Ultimately, the course of the Revolutionary War came down to America's proximity to the sea—a place of storms and headwinds that no one could control. Instead of an inevitable march to victory, Yorktown was the result of a hurried rush of seemingly random events—from a hurricane in the Caribbean, to a bloody battle amid the woods near North Carolina's Guilford Courthouse, to the loan of 500,000 Spanish pesos from the citizens of Havana, Cuba — all of which had to occur before Cornwallis arrived at Yorktown and de Grasse sailed into the Chesapeake.
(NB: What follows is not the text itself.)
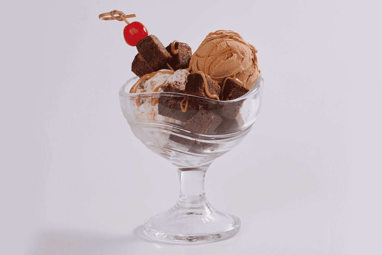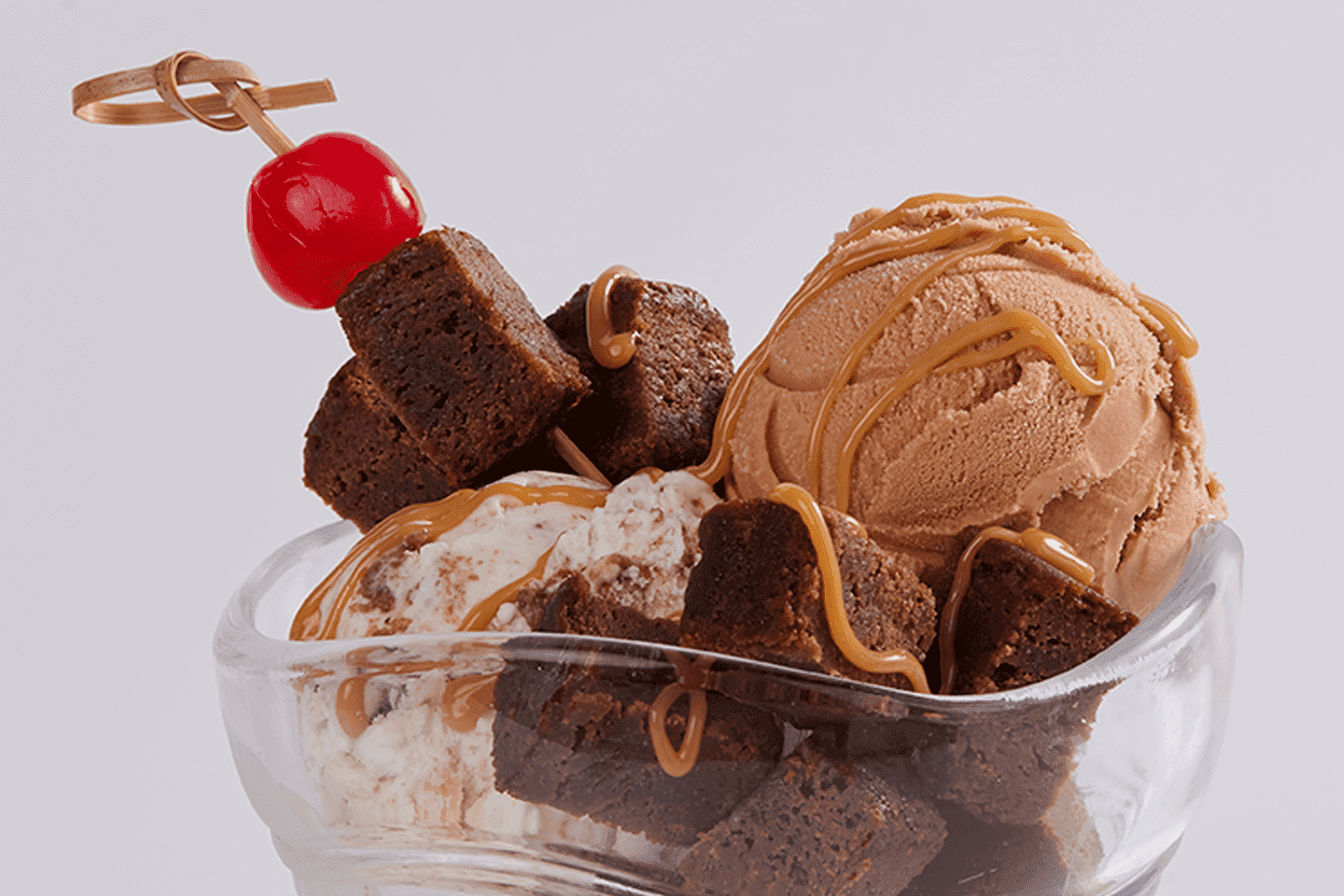 Trozos de brownie caliente con helados de arequipe y brownie con nueces, salsa de arequipe y cereza.
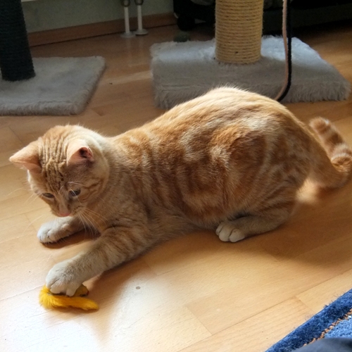 Unfasslich, wie unerschrocken und neugierig Zoetje auf alles zustürmt. Sie lässt sich auf den Arm nehmen und im Korb schwenken, rast mit Katzenleine und Katzenangel im Mäulchen rappelnd durch das Haus, Pappkartons werden begeistert geschoben. Einzig die Besetzung meditativer Orte wie Kühlschrank, Kleiderschrank etc. passiert so leise, dass die 2-beiner es möglichst nicht merken…

That the pieces finally fell into place in September and October 1781 never ceased to amaze Washington. "I am sure," he wrote the following spring, "that there never was a people who had more reason to acknowledge a divine interposition in their affairs than those of the United States."

The victory at Yorktown was improbable at best, but it was also the result of a strategy Washington had been pursuing since the beginning of the French alliance. My book is the story of how Washington's unrelenting quest for naval superiority made possible the triumph at Yorktown. It is also the story of how, in a supreme act of poetic justice, the final engagement of the war brought him back to the home he had not seen in six years. For it was here, on a river in Virginia, that he had first began to learn about the wonder, power, and ultimate indifference of the sea.